◆ How to complete this task
Apart from the images, the entire listing below must be restated word for word.

Start of Data block

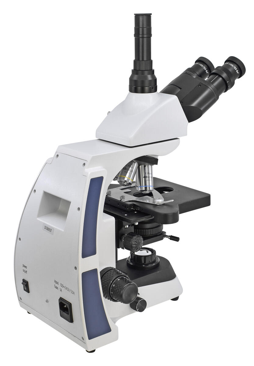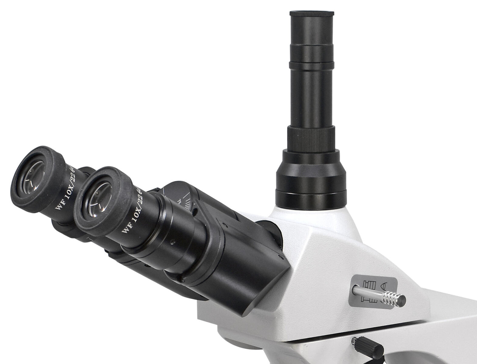 Mikroskop med trinokulärt huvud, 4 st högupplösta objektiv och två bredfältsokular (WF) inklusive planoptik som ger färgglada och tydliga bilder med hög kontrast. Den integrerade X-Y-preparathållaren är enkel att använda tack vare de ergonomiskt placerade koaxialkontrollerna. Abbe-kondensorn är lätt att byta ut mot olika tillbehör som mörkfälts- eller faskontrastkondensorer. Kondensorn kan justeras i höjdled med hjälp av kuggstångssystemet. Alla optiska ytor (okular och objektiv) är belagda med ett antisvampskikt. Den nya generationens LED-belysning ger komfort och vila för ögat. Lysdiodens spektrum är lika med naturligt dagsljus och är justerbar i intensitet. LED-ljuskällan är jämförbar med en 30 W halogenljuskälla.
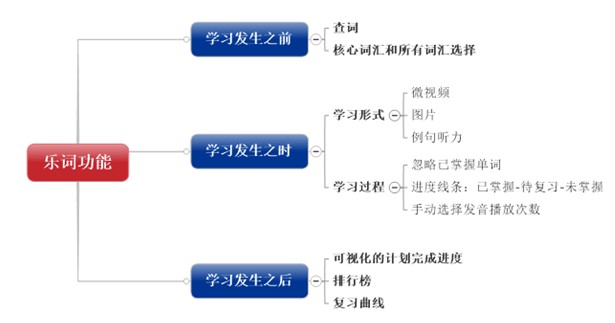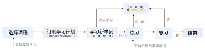 如上圖,用戶學習發(fā)生之前,可以按照個人需求程度,選擇核心詞匯和所有詞匯內容,此外也提供查詞功能便于學習者日常使用,直接反饋該詞在詞庫中的內容,包括意、音、例、圖、視頻等;學習過程中,從學習到練習,涵蓋了進度、忽略已掌握單詞、視頻、邊走邊聽等功能;學習完成后,還以可視化的形式顯示每個用戶的學習情況,并利用記憶曲線及時復習。
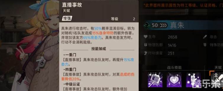 ”互动环节”是她的大招,也就是超限技,技能效果也比较简单粗暴,选定敌人后可以对敌方造成339.98%的特殊伤害。重点其实还是她的天赋效果”直播事故”,能够对角色的能力进一步的增强。

End of Data block

◆ Reply
 Mikroskop med trinokulärt huvud, 4 st högupplösta objektiv och två bredfältsokular (WF) inklusive planoptik som ger färgglada och tydliga bilder med hög kontrast. Den integrerade X-Y-preparathållaren är enkel att använda tack vare de ergonomiskt placerade koaxialkontrollerna. Abbe-kondensorn är lätt att byta ut mot olika tillbehör som mörkfälts- eller faskontrastkondensorer. Kondensorn kan justeras i höjdled med hjälp av kuggstångssystemet. Alla optiska ytor (okular och objektiv) är belagda med ett antisvampskikt. Den nya generationens LED-belysning ger komfort och vila för ögat. Lysdiodens spektrum är lika med naturligt dagsljus och är justerbar i intensitet. LED-ljuskällan är jämförbar med en 30 W halogenljuskälla.
 如上圖,用戶學習發(fā)生之前,可以按照個人需求程度,選擇核心詞匯和所有詞匯內容,此外也提供查詞功能便于學習者日常使用,直接反饋該詞在詞庫中的內容,包括意、音、例、圖、視頻等;學習過程中,從學習到練習,涵蓋了進度、忽略已掌握單詞、視頻、邊走邊聽等功能;學習完成后,還以可視化的形式顯示每個用戶的學習情況,并利用記憶曲線及時復習。
 ”互动环节”是她的大招,也就是超限技,技能效果也比较简单粗暴,选定敌人后可以对敌方造成339.98%的特殊伤害。重点其实还是她的天赋效果”直播事故”,能够对角色的能力进一步的增强。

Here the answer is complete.